Lucius ouvre une porte et me fais signe d'entrer. Je pénètre dans un sorte de chambre, qui tiens plus d'un cachot. Elle est très vétuste, il n'y a qu'un lit avec une grosse couverture en laine marron et un bureau à l'allure bancale et vermoulu. Le long du mur du fond, il y a une belle réserve de bois pour alimenter la cheminée. Qui est a priori le seul moyen de chauffage et d'éclairage puisque la pièce est également dépourvue de fenêtre.
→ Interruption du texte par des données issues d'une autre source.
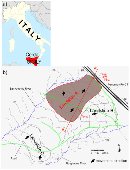 Cerda landslide: (a) location of the Cerda village; (b) plan of the landslide site with an indication of the landslide body considered in the present study (landslide A) and the location of the field test carried out.
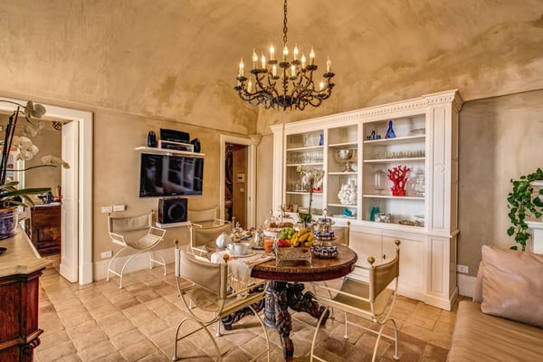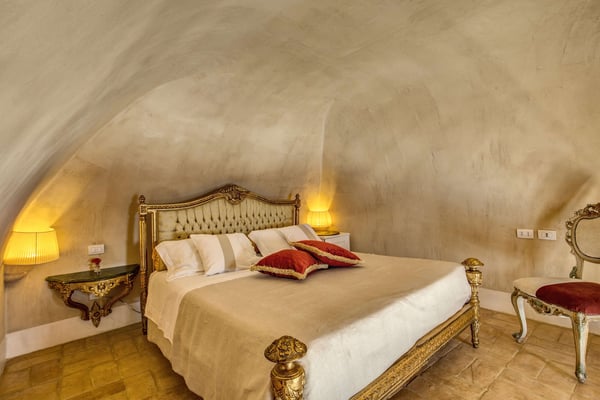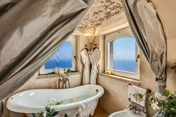Up on a winding road, and just a 20-minute drive from Amalfi and a 15-minute drive from Conca dei Marini, Villa Nume is a beautiful fortified construction dating back to 1500, with original thick walls and a watch tower. Masculine and austere in its exterior look, Nume boasts recently renovated interiors styled in a very romantic and sophisticated way. Perched on an outcrop of a mountain – the villa is reached by several flights of steps down – it overlooks the winding coastline and the stunning turquoise open sea. If you are looking for a quiet private retreat with great service, this idyll will not disappoint you. It is the perfect villa for guests seeking romantic seclusion and the excitement of the Amalfi Coast.
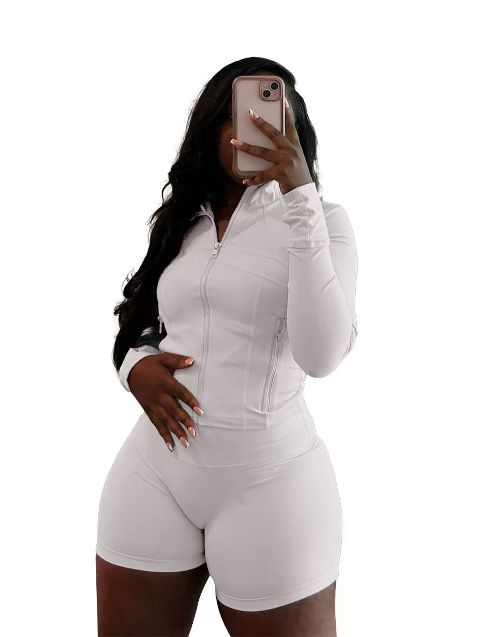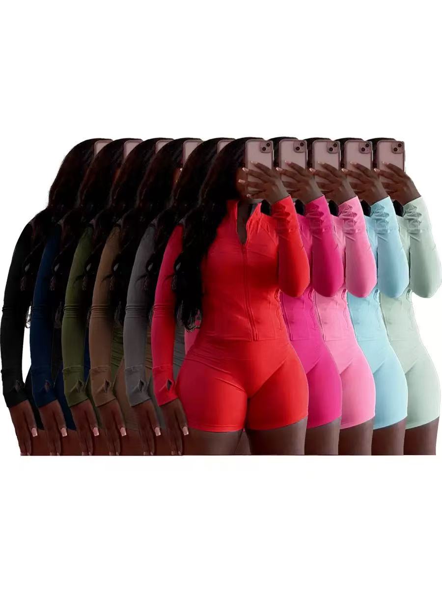 Casual sexy tight-fitting long-sleeved shorts 2pc set(CL12340)
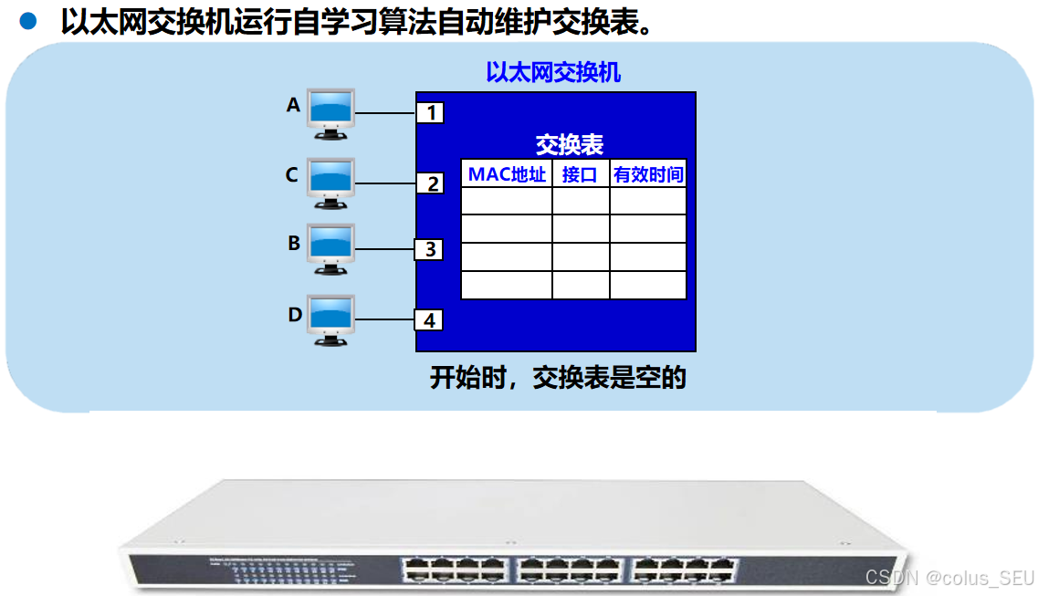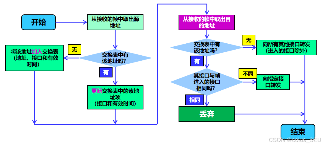 switches: 使用洪泛、自学习、根据MAC地址进行转发

-Je sais, c'est un peu spartiate. Dit Lucius. Mais ici, personne n'aura l'idée de venir te chercher. Cette partie du manoir est dissimulée et les archives ainsi que moi-même entretenons l'histoire que les couloirs se sont éboulés et sont inaccessibles. Mais tant que je ne sais pas qui tu as vu et qui t'as vu lors du concours, tu dois rester ici. Surtout si il s'agît de notre supérieur et je le saurais assez vite. Si il y a le moindre souci, je vais laisser des instructions à des personnes de confiance pour qu'elles te fassent sortir en toute discrétion.
-Mais... Je bredouille, nerveusement. Tu vas me laisser moisir ici dans le noir combien de temps ?
-Le temps nécessaire. Soupire Lucius. Je ferais envoyer tes repas ainsi que quelques provisions. Je vais devoir fermer la porte à clef. Je ferais en sorte que ta literie soit un peu plus confortable et bien entendu, je m'occuperais du nécessaire pour ta toilette.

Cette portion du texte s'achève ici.